§ **PROVIDED MATERIAL**:
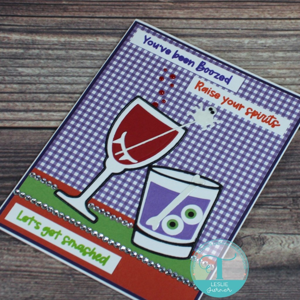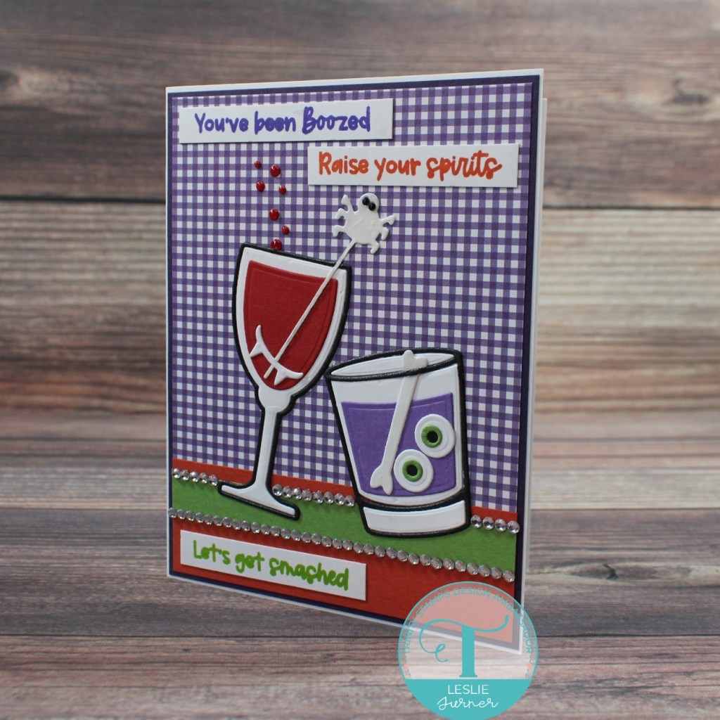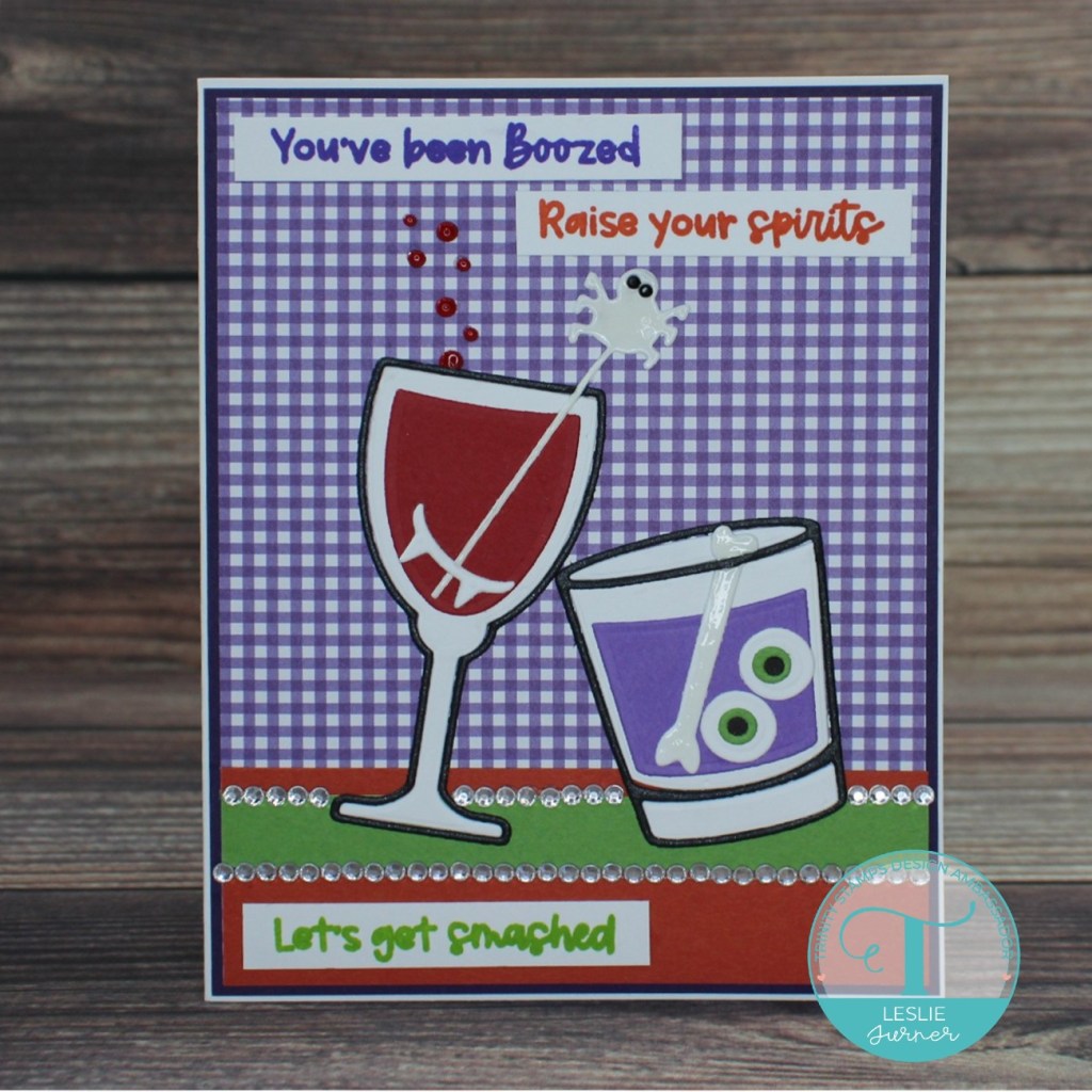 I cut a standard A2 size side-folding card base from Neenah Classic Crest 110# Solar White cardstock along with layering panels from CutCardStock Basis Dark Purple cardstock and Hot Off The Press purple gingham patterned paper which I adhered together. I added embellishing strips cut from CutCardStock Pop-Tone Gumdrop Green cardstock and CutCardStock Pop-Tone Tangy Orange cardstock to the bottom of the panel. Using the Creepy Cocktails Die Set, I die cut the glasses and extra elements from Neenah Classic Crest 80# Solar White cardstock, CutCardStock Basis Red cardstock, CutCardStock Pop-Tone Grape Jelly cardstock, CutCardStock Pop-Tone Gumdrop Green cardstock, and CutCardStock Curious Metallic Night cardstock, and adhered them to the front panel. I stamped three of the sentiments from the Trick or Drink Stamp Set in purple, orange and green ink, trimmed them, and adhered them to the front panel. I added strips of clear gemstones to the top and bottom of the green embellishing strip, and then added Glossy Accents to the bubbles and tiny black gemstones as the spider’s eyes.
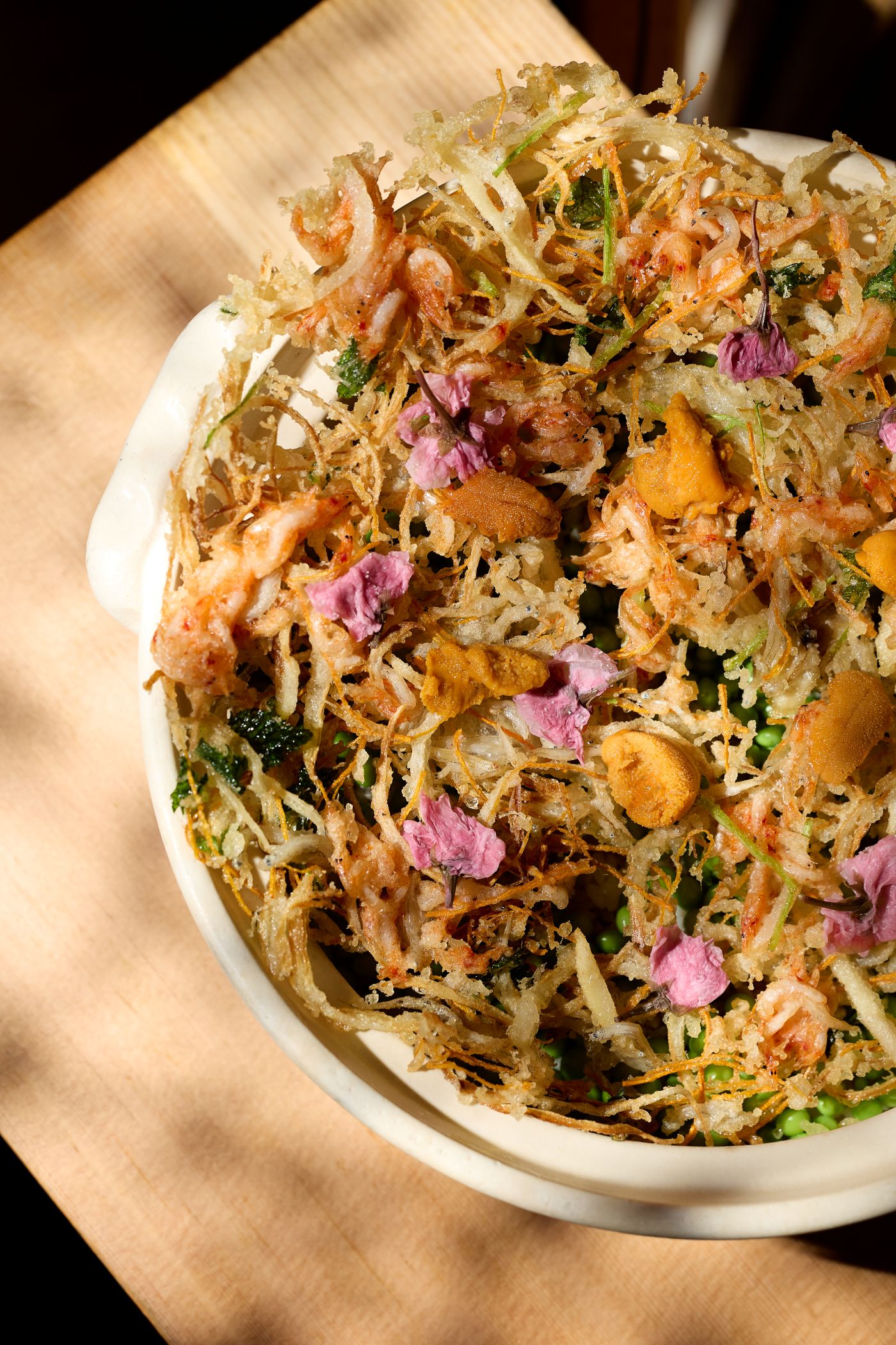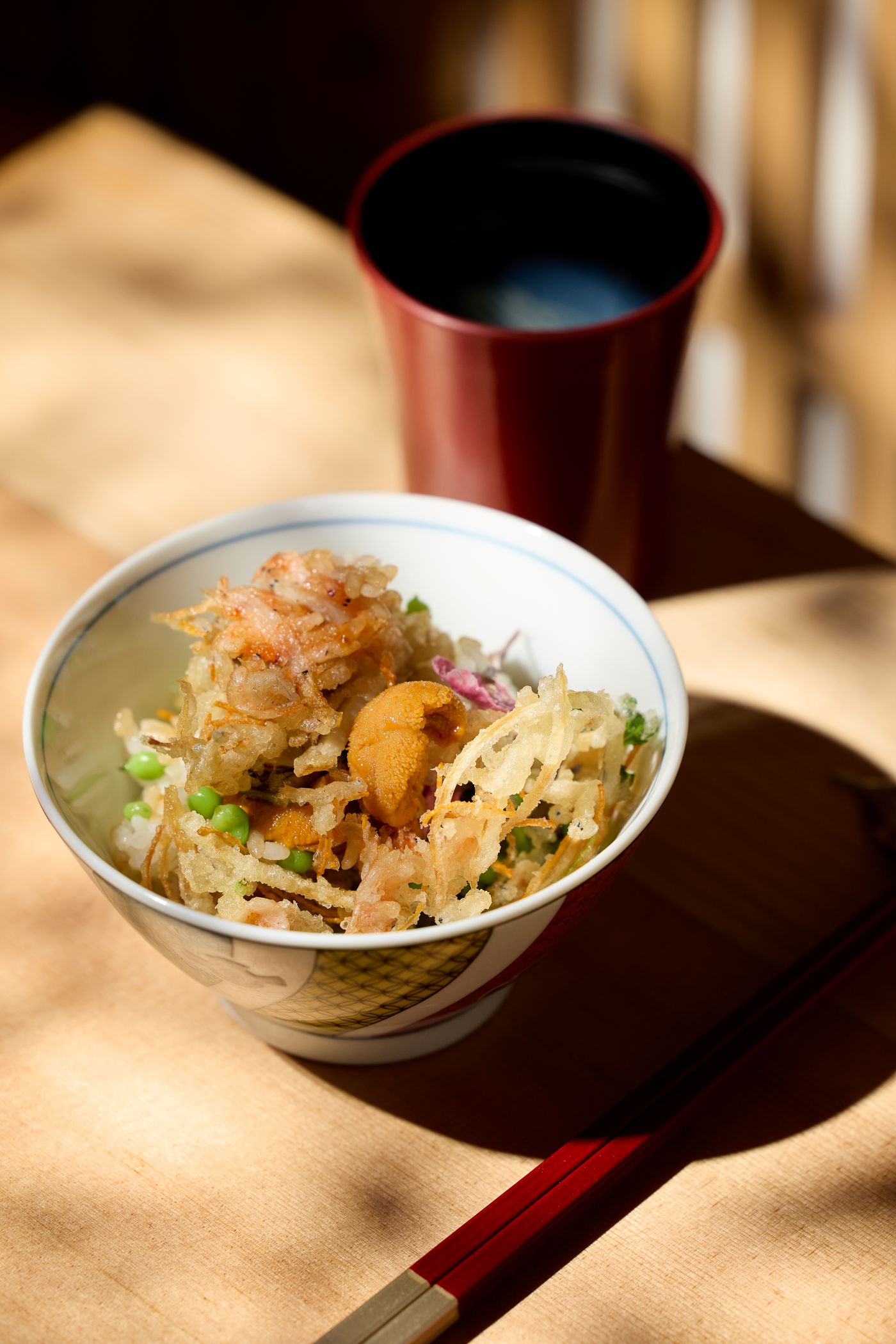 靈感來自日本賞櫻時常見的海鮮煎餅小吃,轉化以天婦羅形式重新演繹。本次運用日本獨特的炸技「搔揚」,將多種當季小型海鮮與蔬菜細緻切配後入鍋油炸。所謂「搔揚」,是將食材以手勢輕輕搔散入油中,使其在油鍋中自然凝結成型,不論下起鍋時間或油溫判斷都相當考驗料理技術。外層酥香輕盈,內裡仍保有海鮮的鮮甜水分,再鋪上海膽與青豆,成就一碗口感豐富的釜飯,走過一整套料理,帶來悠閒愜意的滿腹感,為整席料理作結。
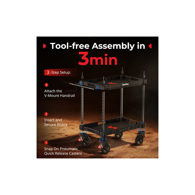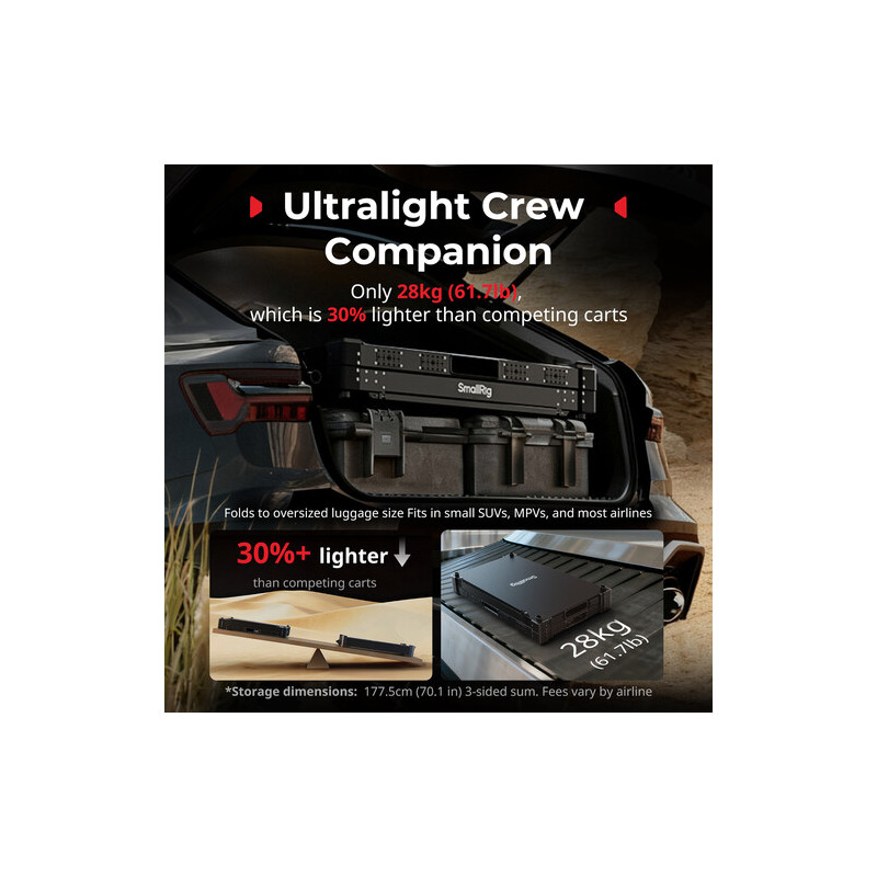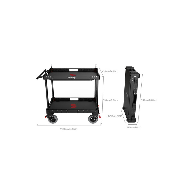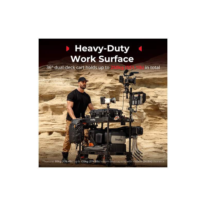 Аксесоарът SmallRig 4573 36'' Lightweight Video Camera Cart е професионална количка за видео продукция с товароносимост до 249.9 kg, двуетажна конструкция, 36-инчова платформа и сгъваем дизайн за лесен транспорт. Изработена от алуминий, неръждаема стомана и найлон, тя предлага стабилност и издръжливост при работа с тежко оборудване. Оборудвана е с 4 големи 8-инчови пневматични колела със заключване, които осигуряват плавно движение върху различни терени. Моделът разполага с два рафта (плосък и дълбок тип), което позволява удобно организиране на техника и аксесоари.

§ **WORK REQUEST**: When you repeat the listing, keep it exact and leave the pictures behind.

§ **SOLUTION TO THE PROBLEM**:
 I cut a standard A2 size side-folding card base from Neenah Classic Crest 110# Solar White cardstock along with layering panels from CutCardStock Basis Dark Purple cardstock and Hot Off The Press purple gingham patterned paper which I adhered together. I added embellishing strips cut from CutCardStock Pop-Tone Gumdrop Green cardstock and CutCardStock Pop-Tone Tangy Orange cardstock to the bottom of the panel. Using the Creepy Cocktails Die Set, I die cut the glasses and extra elements from Neenah Classic Crest 80# Solar White cardstock, CutCardStock Basis Red cardstock, CutCardStock Pop-Tone Grape Jelly cardstock, CutCardStock Pop-Tone Gumdrop Green cardstock, and CutCardStock Curious Metallic Night cardstock, and adhered them to the front panel. I stamped three of the sentiments from the Trick or Drink Stamp Set in purple, orange and green ink, trimmed them, and adhered them to the front panel. I added strips of clear gemstones to the top and bottom of the green embellishing strip, and then added Glossy Accents to the bubbles and tiny black gemstones as the spider’s eyes.
 靈感來自日本賞櫻時常見的海鮮煎餅小吃,轉化以天婦羅形式重新演繹。本次運用日本獨特的炸技「搔揚」,將多種當季小型海鮮與蔬菜細緻切配後入鍋油炸。所謂「搔揚」,是將食材以手勢輕輕搔散入油中,使其在油鍋中自然凝結成型,不論下起鍋時間或油溫判斷都相當考驗料理技術。外層酥香輕盈,內裡仍保有海鮮的鮮甜水分,再鋪上海膽與青豆,成就一碗口感豐富的釜飯,走過一整套料理,帶來悠閒愜意的滿腹感,為整席料理作結。
 Аксесоарът SmallRig 4573 36'' Lightweight Video Camera Cart е професионална количка за видео продукция с товароносимост до 249.9 kg, двуетажна конструкция, 36-инчова платформа и сгъваем дизайн за лесен транспорт. Изработена от алуминий, неръждаема стомана и найлон, тя предлага стабилност и издръжливост при работа с тежко оборудване. Оборудвана е с 4 големи 8-инчови пневматични колела със заключване, които осигуряват плавно движение върху различни терени. Моделът разполага с два рафта (плосък и дълбок тип), което позволява удобно организиране на техника и аксесоари.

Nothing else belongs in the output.